• Task prompt
Your answer must be the data repeated exactly, with no pictures in it.

• Dataset section
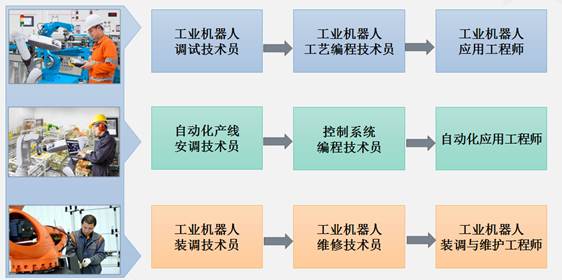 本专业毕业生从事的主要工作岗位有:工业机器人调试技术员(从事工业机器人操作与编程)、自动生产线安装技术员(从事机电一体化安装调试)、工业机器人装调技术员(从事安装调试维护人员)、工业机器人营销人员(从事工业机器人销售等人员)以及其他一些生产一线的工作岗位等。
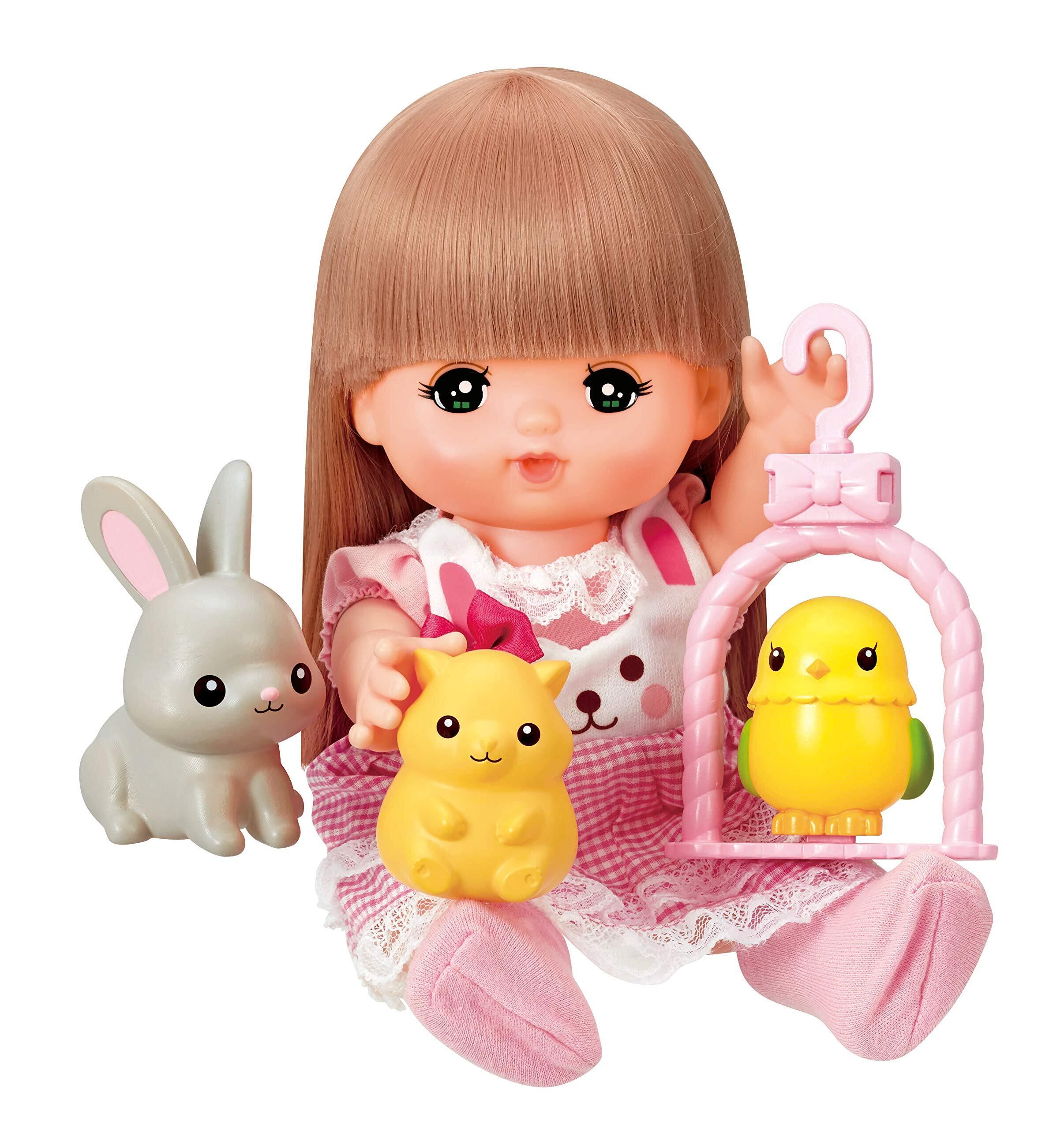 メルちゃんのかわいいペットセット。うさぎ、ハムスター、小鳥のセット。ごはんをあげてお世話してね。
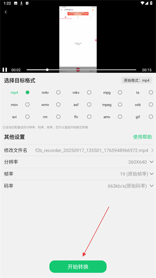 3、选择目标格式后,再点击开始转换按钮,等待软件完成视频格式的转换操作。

• Response to this task
 本专业毕业生从事的主要工作岗位有:工业机器人调试技术员(从事工业机器人操作与编程)、自动生产线安装技术员(从事机电一体化安装调试)、工业机器人装调技术员(从事安装调试维护人员)、工业机器人营销人员(从事工业机器人销售等人员)以及其他一些生产一线的工作岗位等。
 メルちゃんのかわいいペットセット。うさぎ、ハムスター、小鳥のセット。ごはんをあげてお世話してね。
 3、选择目标格式后,再点击开始转换按钮,等待软件完成视频格式的转换操作。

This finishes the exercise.